● Information shown
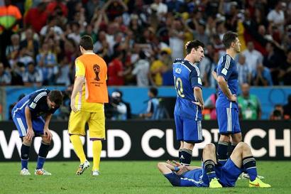 Es un mazazo, un golpe que va directo al coraz贸n. Esta vez, las l谩grimas no son de alegr铆a, brotan de tristeza. Ya es de noche en el Maracan谩 y la Argentina cae desplomada. Lionel Messi tiene en su bot铆n la 煤ltima chance y lanza muy arriba un tiro libre. Javier Mascherano comete la 煤ltima infracci贸n del partido y el 谩rbitro italiano Nicola Rizzoli marca el final. Saltan los alemanes, gritan euf贸ricos, son campeones del mundo. Del otro lado, la selecci贸n es pura tristeza.
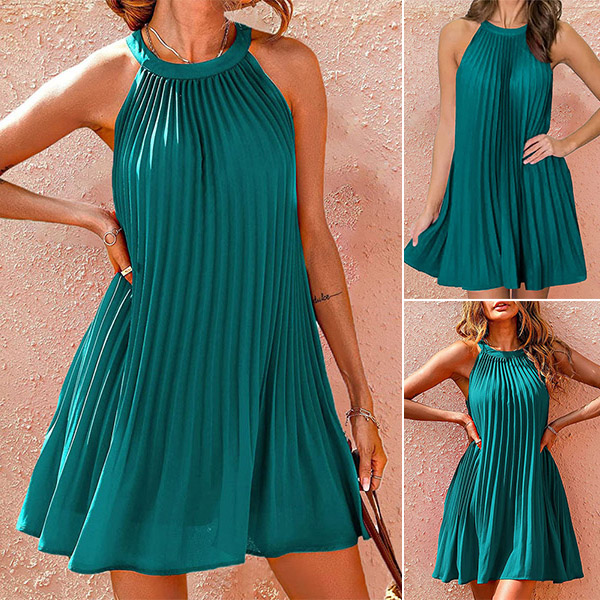 Mini dress featuring solid color, sleeveless, round neck and pleated details. Made of soft material for a ultra comfort.
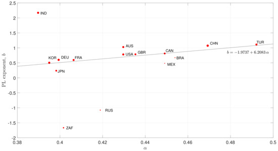 In a different perspective, we approximate the PPS by means of power law functions, , using a non-linear least-squares fit algorithm. We verify that the parameters b are correlated with , as shown in Figure 5, reflecting the fractional behavior of the economy dynamics. With the exception of IND, RUS and ZAF, we verify an almost linear correlation given by for the rest of the countries.
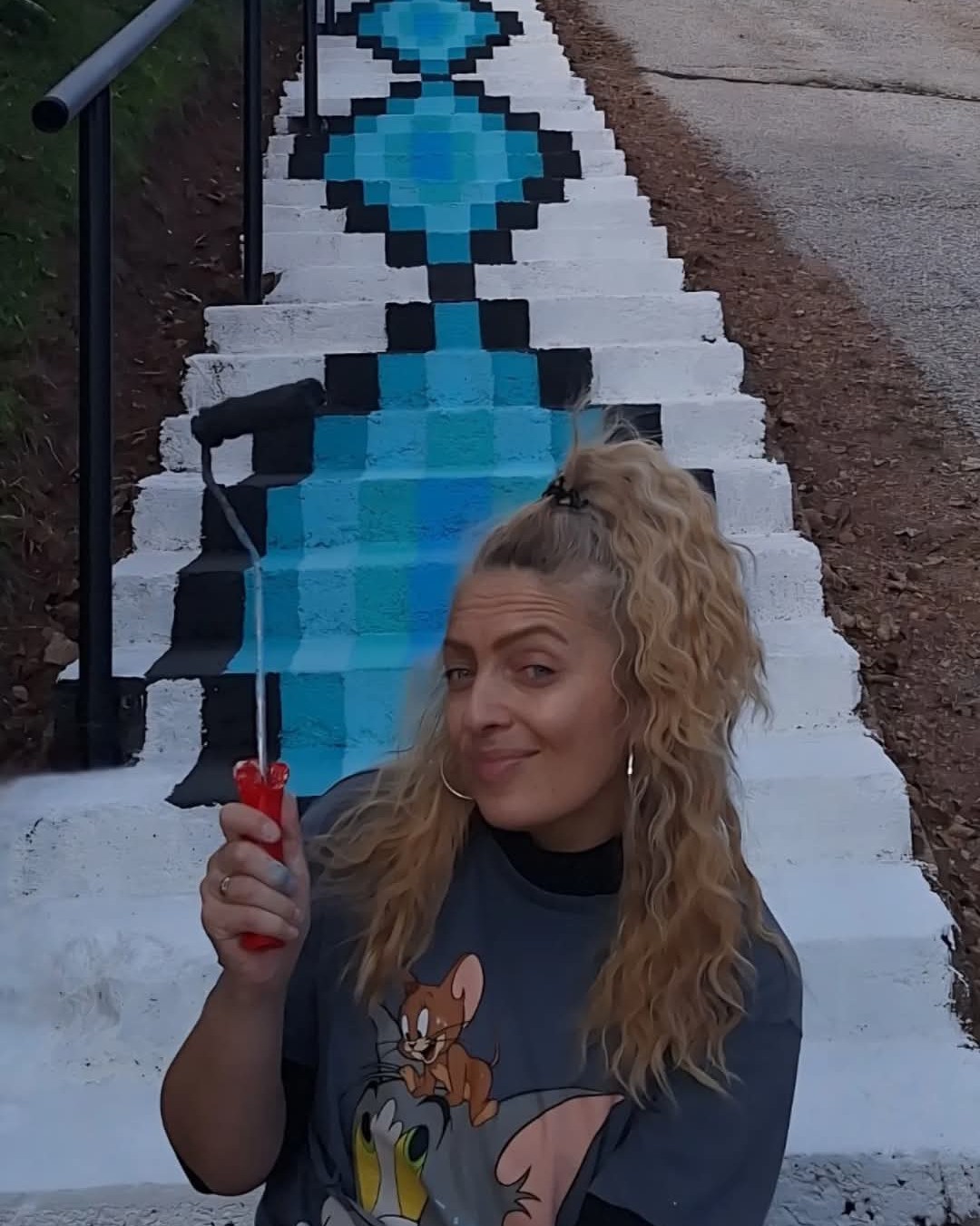 Аутор мурала је Слађана Клачар, а замисао је да степенице буду обојене по узору на мотиве традиционалне српске ношње.
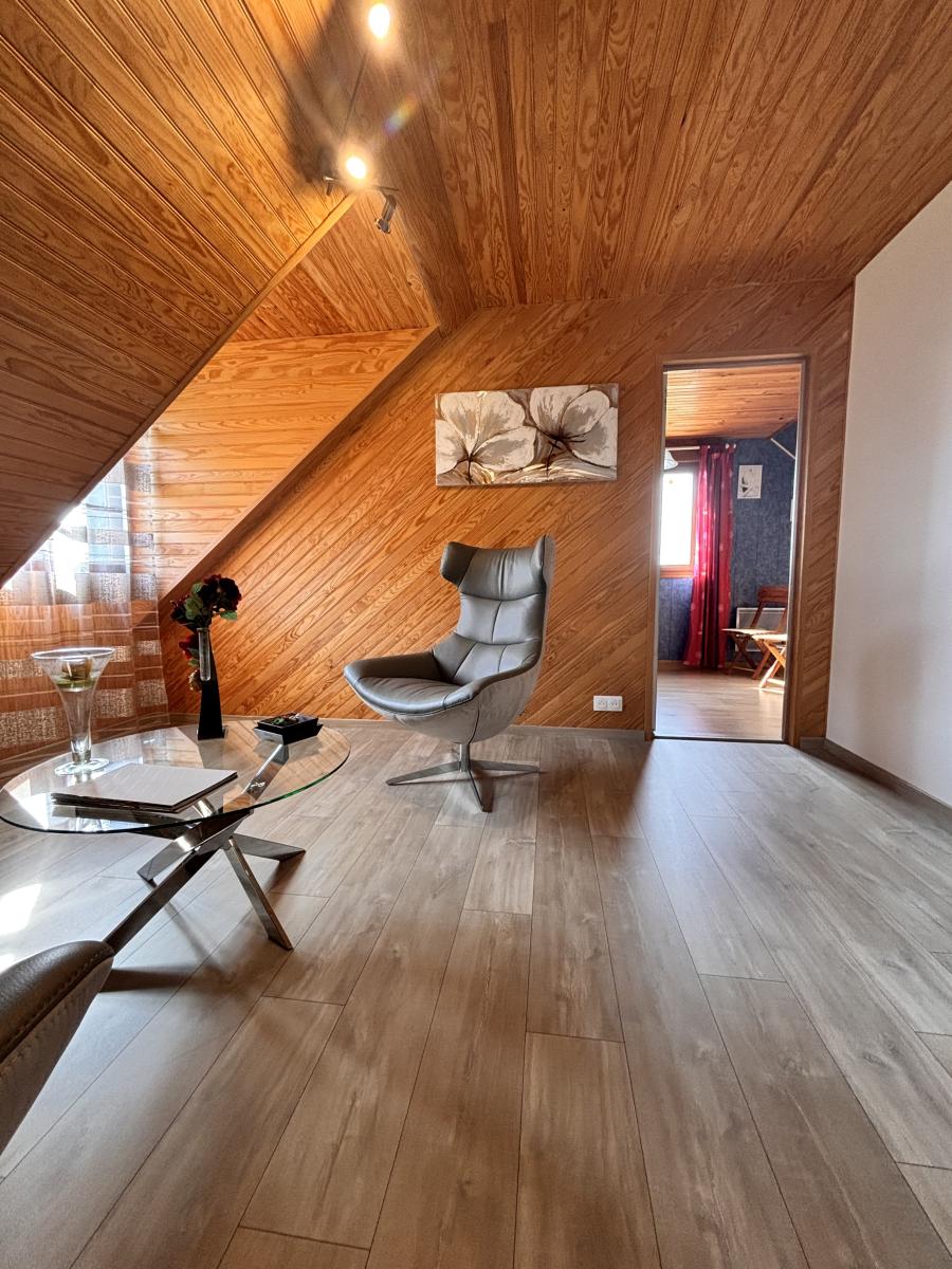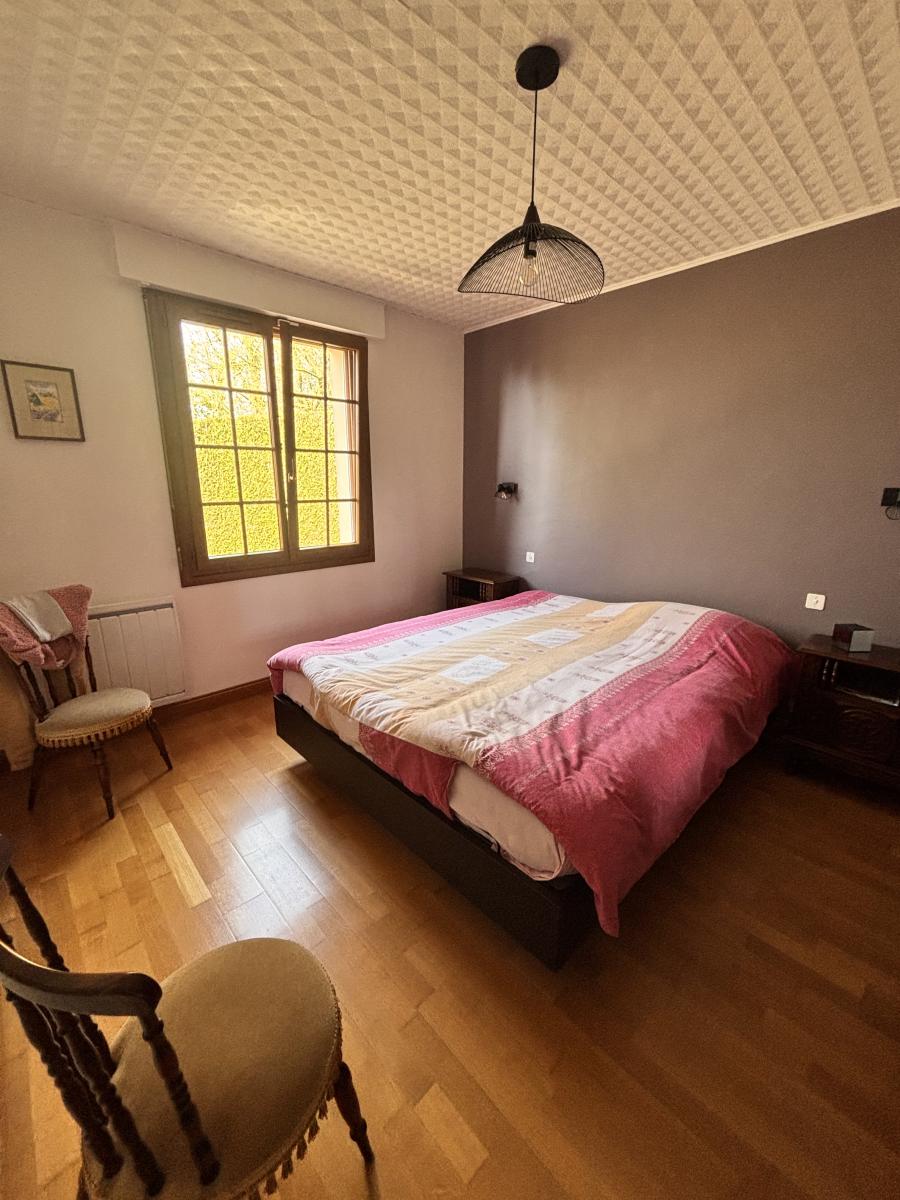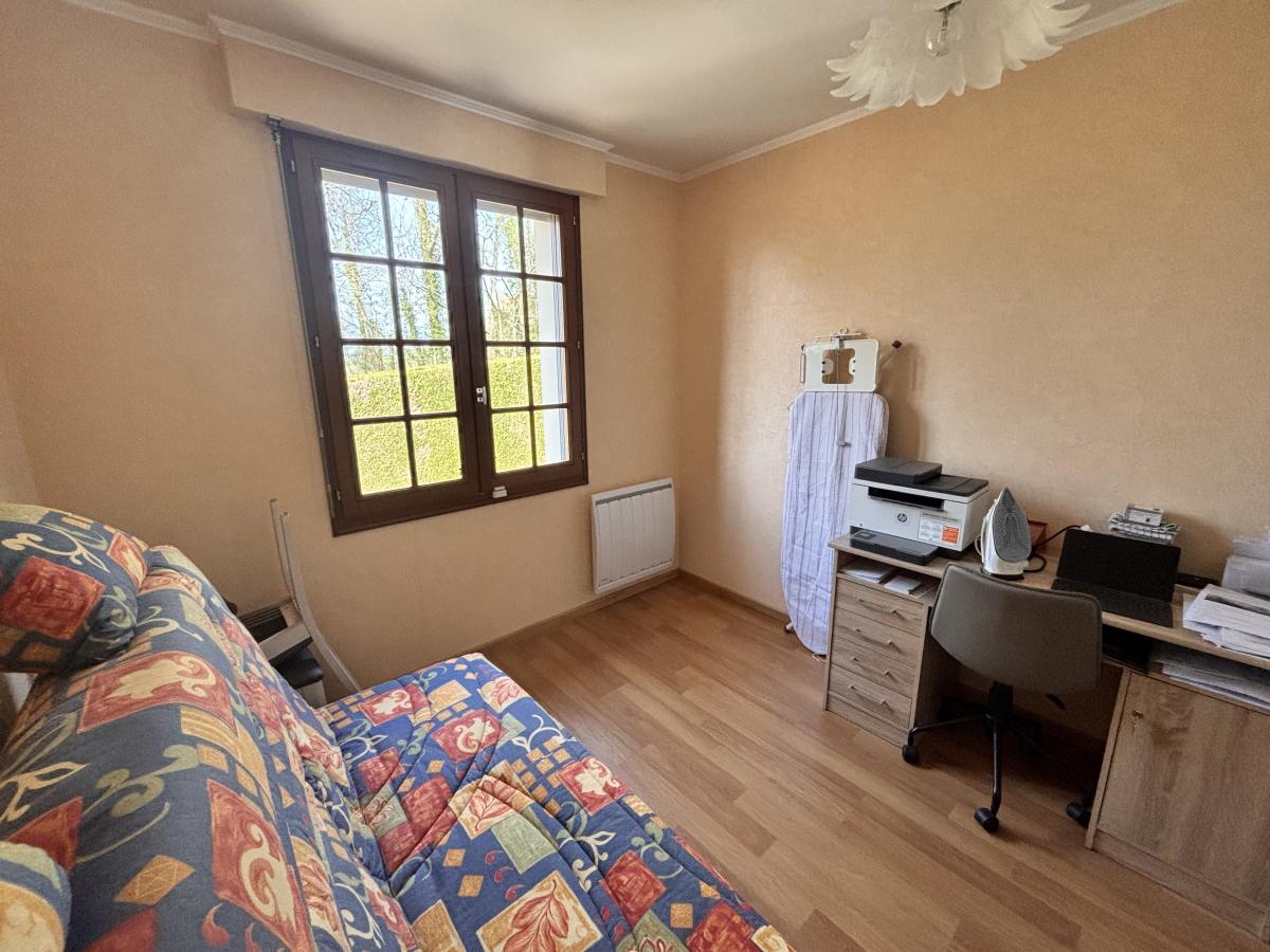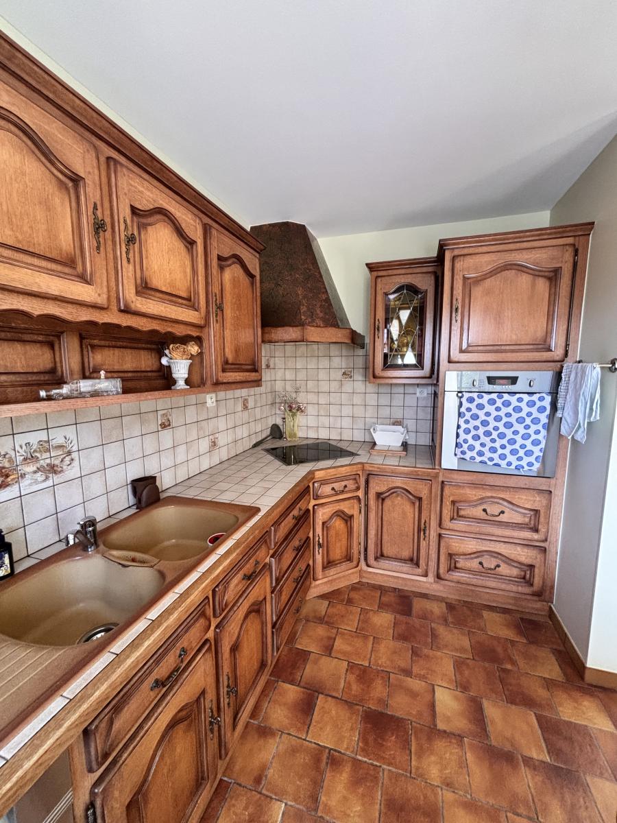 Au Rdc: Entrée, cuisine indépendante A/E, pièce à vivre avec poêle à bois, deux chambres, salle de bains + douche et wc

● What is expected
Every entry must be written out exactly, with all pictures left out.

● Exercise solution
 Es un mazazo, un golpe que va directo al coraz贸n. Esta vez, las l谩grimas no son de alegr铆a, brotan de tristeza. Ya es de noche en el Maracan谩 y la Argentina cae desplomada. Lionel Messi tiene en su bot铆n la 煤ltima chance y lanza muy arriba un tiro libre. Javier Mascherano comete la 煤ltima infracci贸n del partido y el 谩rbitro italiano Nicola Rizzoli marca el final. Saltan los alemanes, gritan euf贸ricos, son campeones del mundo. Del otro lado, la selecci贸n es pura tristeza.
 Mini dress featuring solid color, sleeveless, round neck and pleated details. Made of soft material for a ultra comfort.
 In a different perspective, we approximate the PPS by means of power law functions, , using a non-linear least-squares fit algorithm. We verify that the parameters b are correlated with , as shown in Figure 5, reflecting the fractional behavior of the economy dynamics. With the exception of IND, RUS and ZAF, we verify an almost linear correlation given by for the rest of the countries.
 Аутор мурала је Слађана Клачар, а замисао је да степенице буду обојене по узору на мотиве традиционалне српске ношње.
 Au Rdc: Entrée, cuisine indépendante A/E, pièce à vivre avec poêle à bois, deux chambres, salle de bains + douche et wc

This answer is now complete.